Task directions:
Set the listing down unchanged, minus every embedded image.

*** Opening of Supplied material ***

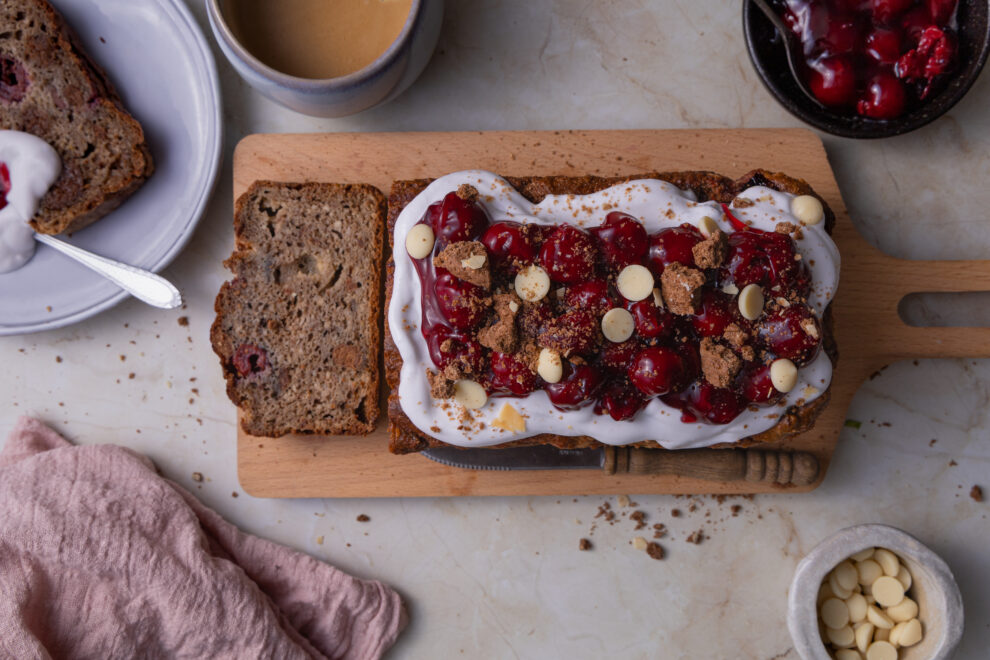 - Voor de topping schep je de kokosyoghurt over de cake heen en verdeel je daar nog wat extra kersen overheen. Als extra kan je nog wat meer witte chocolade en speculaasjes eroverheen verbrokkelen!
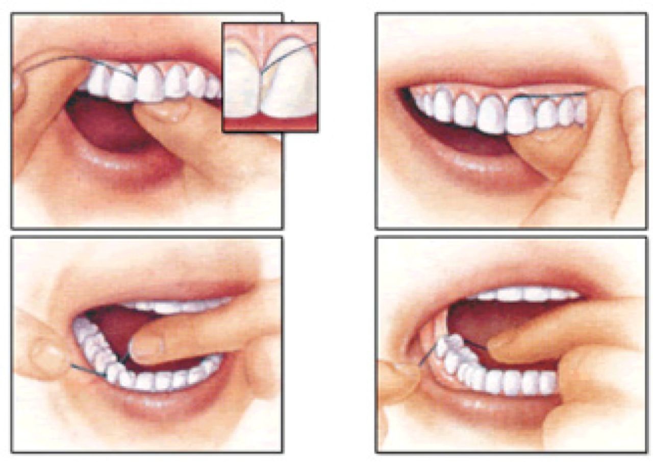 Gently guide floss between the teeth by using a zig-zag motion. Do not snap floss between your teeth. Contour floss around the side of the tooth.
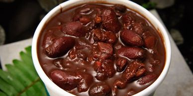Tender Black Beans seasoned with Red Bell Pepper, Onion, and Garlic, then slowly cooked to perfection. Served with Cuban Toast and Chopped Onions on the side.

*** Close of Supplied material ***

Exercise solution:
 - Voor de topping schep je de kokosyoghurt over de cake heen en verdeel je daar nog wat extra kersen overheen. Als extra kan je nog wat meer witte chocolade en speculaasjes eroverheen verbrokkelen!
 Gently guide floss between the teeth by using a zig-zag motion. Do not snap floss between your teeth. Contour floss around the side of the tooth.
Tender Black Beans seasoned with Red Bell Pepper, Onion, and Garlic, then slowly cooked to perfection. Served with Cuban Toast and Chopped Onions on the side.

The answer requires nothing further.